Inside they found the fresh corpse of a man lying in a pool of blood. It was the gay poet; and the woman was Hessia Helfman, the dark little Jewess with the frizzled hair who was married to Purring Cat. It was she and the man now lying dead from his own pistol shots who had been in charge of this “conspiracy lodgings.” Among the things found in the apartment were the two bombs which had been brought back from the scene of the assassination; the rough map made by Sophia on the morning before the attack and a large quantity of revolutionary literature.
The former “conspiracy lodgings” were now a police trap, and on the very next morning it caught a big burly man whom Rysakoff identified as Timothy Michailoff, the one mechanic among the four men who had been armed with bombs on the fatal morning. Michailoff’s memorandum book furnished the police some important addresses, but the great surprise of that eventful week did not come until the following day, March 17th, and when it did it was anything but a source of self-congratulation to the authorities.

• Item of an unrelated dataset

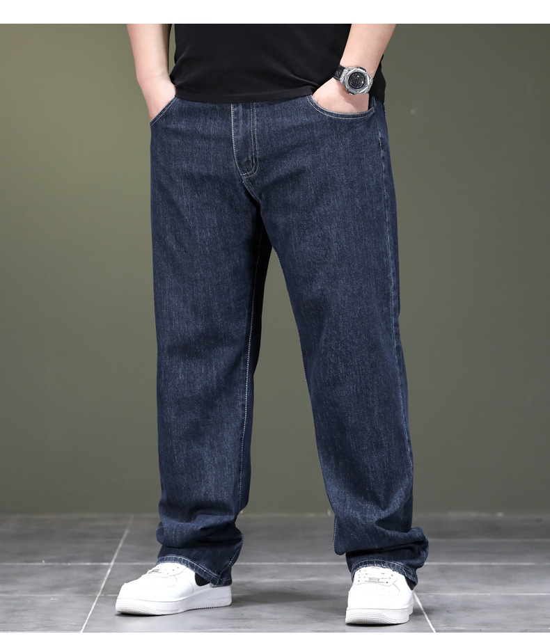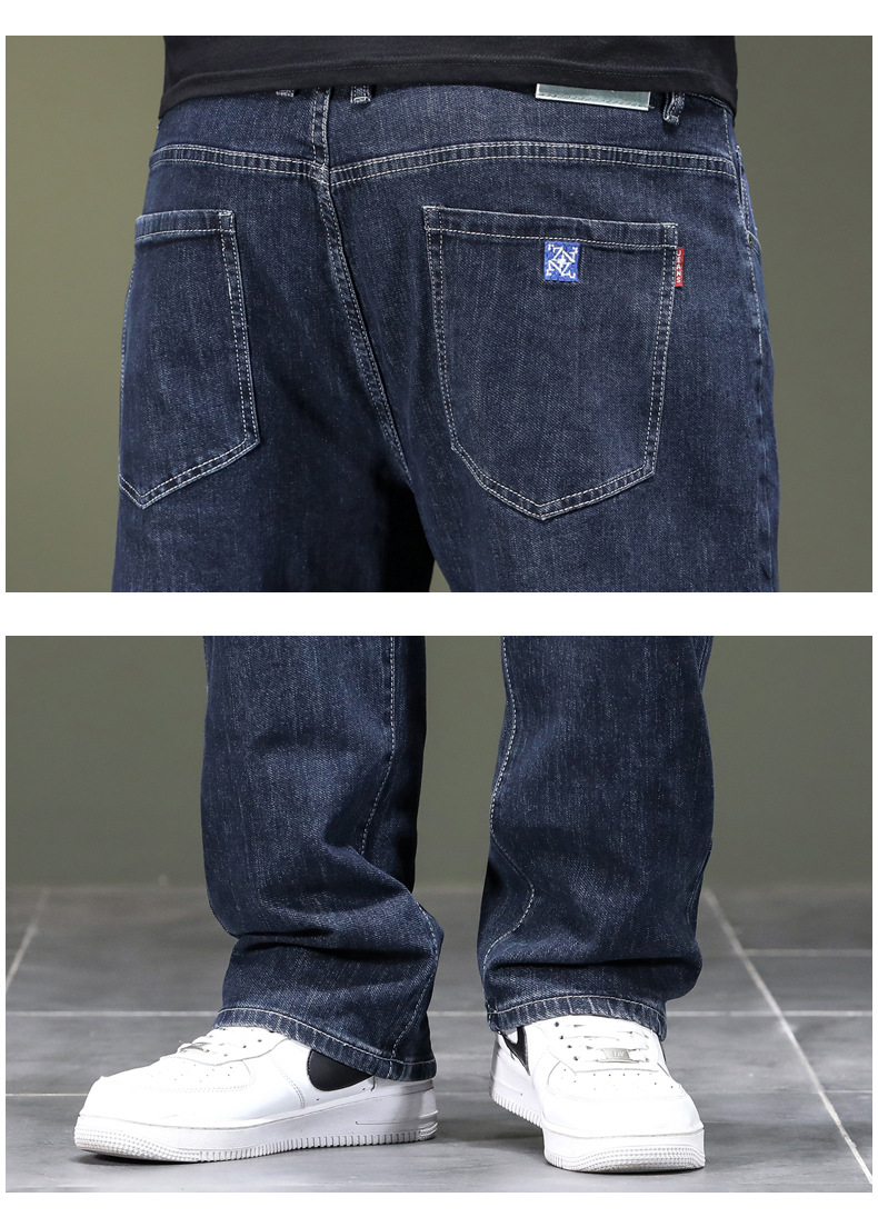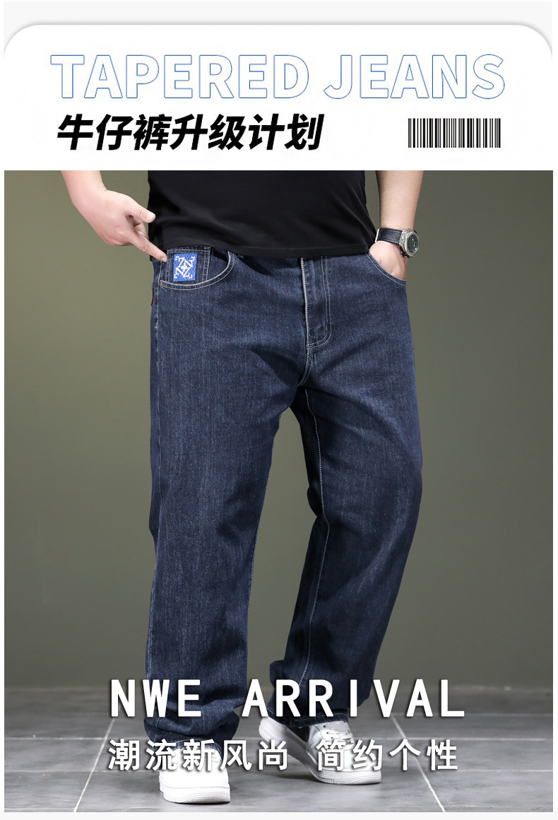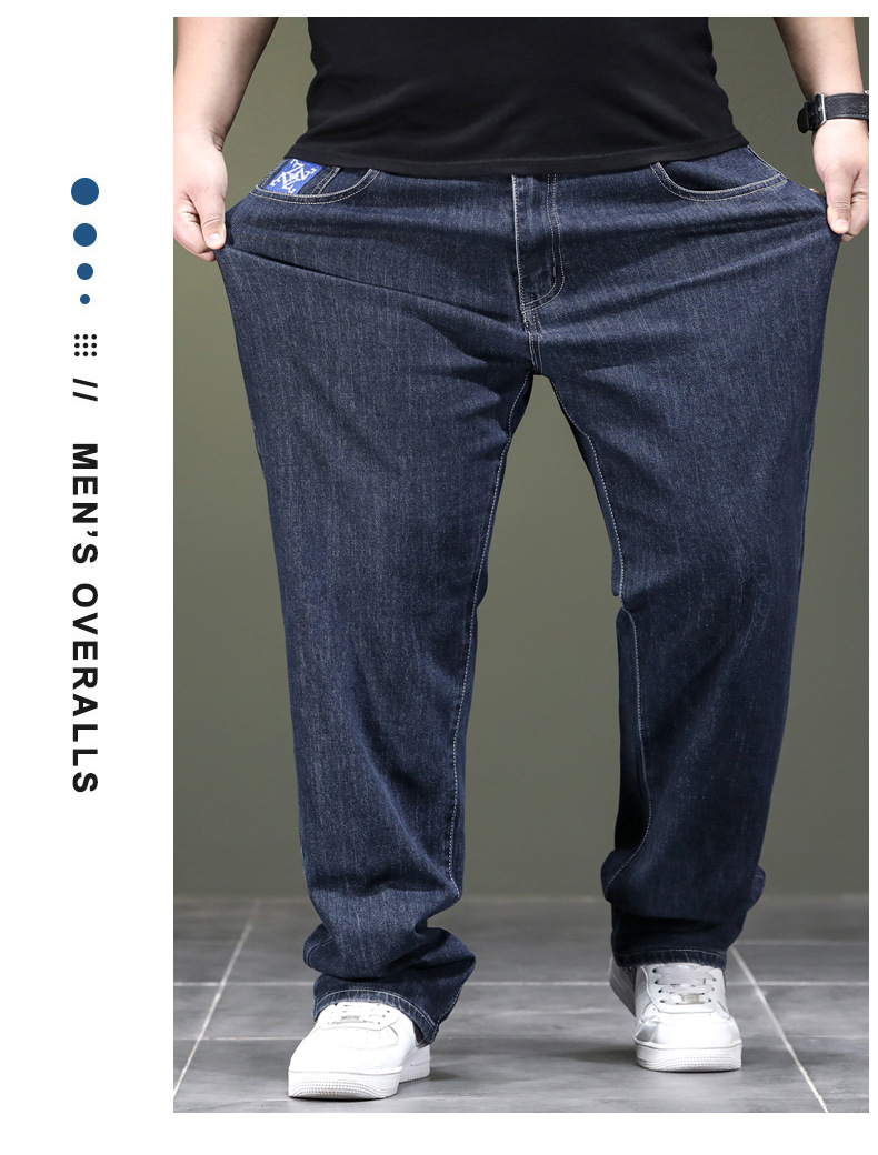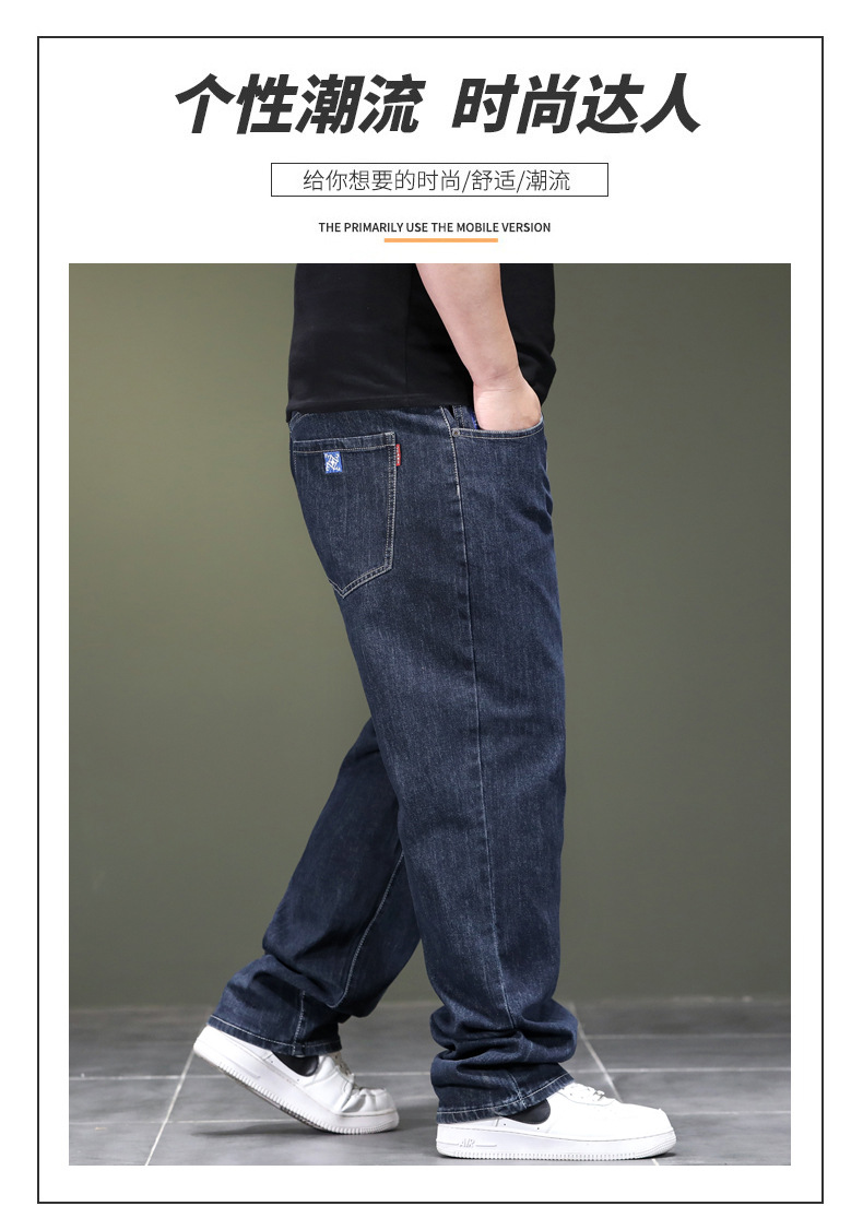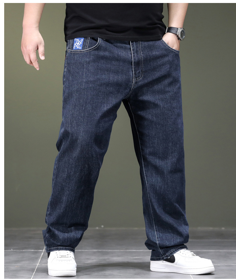 빅사이즈 남성복, 봄여름 자수 블루 데님 팬츠, 남성용 플러스 사이즈 스트레이트 레그 비즈니스 팬츠스토어 가기
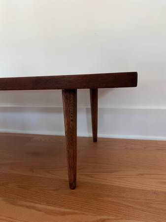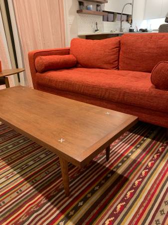 Absolutely stunning coffee table that I've loved having in my house for 5 years. It is in its original walnut finish in overall great shape. some small surface scratches but nothing visible in plain sight. The last owners glued the legs on (Maybe for extra safety? I'm unsure), so if you flip it upside down you can still see this glue. Mid century modern, crafted in the 1950's and part of Gershun's "Accord" collection.

About ten o’clock in the morning of that day the porters of the house on Little Garden Street where the Koboseffs kept their shop reported to the roundsman that the cheese dealer and his wife had not been home since the previous evening, and that their shop was still closed. The roundsman, who, like every member of the St. Petersburg police during those days, was overworked and badly in need of rest, made no reply. An hour later the porter accosted him again:
“The shop is still closed. Customers have been around and there is nobody in.”
“Oh, I have no time to bother about it.”
“But I think I saw something in that store, some strange looking tools,” pleaded the porter.
“The devil you did,” the roundsman said, as much with irritation as with amazement.
The statement was reported to the captain, who communicated it to his superiors, until finally an order was obtained to raid the shop. A search was made, more thorough than the first, and with quite different results. The lounge in the living room upon which General Mrovinsky had sat while speaking to Koboseff was found to contain a heap of earth, and when the planks under the window of the middle room were removed—the very ones which General Mrovinsky had made a feeble attempt to detach in the presence of Koboseff and the police—a large yawning hole presented itself to view. When this part of the wall had been torn down, the aperture proved to be the mouth of a subterranean passage enclosed in wood. Seven feet from the shop began a charge of a hundred pounds of dynamite with an electric battery near by and wires running along the gallery back to the middle room. Everything was in complete readiness. All that was necessary to explode the mine was to connect the wires.
As was learned subsequently, this mine had been the leading feature of the plot, the bombs having been added in case the Czar left Little Garden Street out of his route or the mine failed of its deadly purpose for some other reason. Of the existence of such a mine Rysakoff had not the remotest idea until he heard of it at the trial.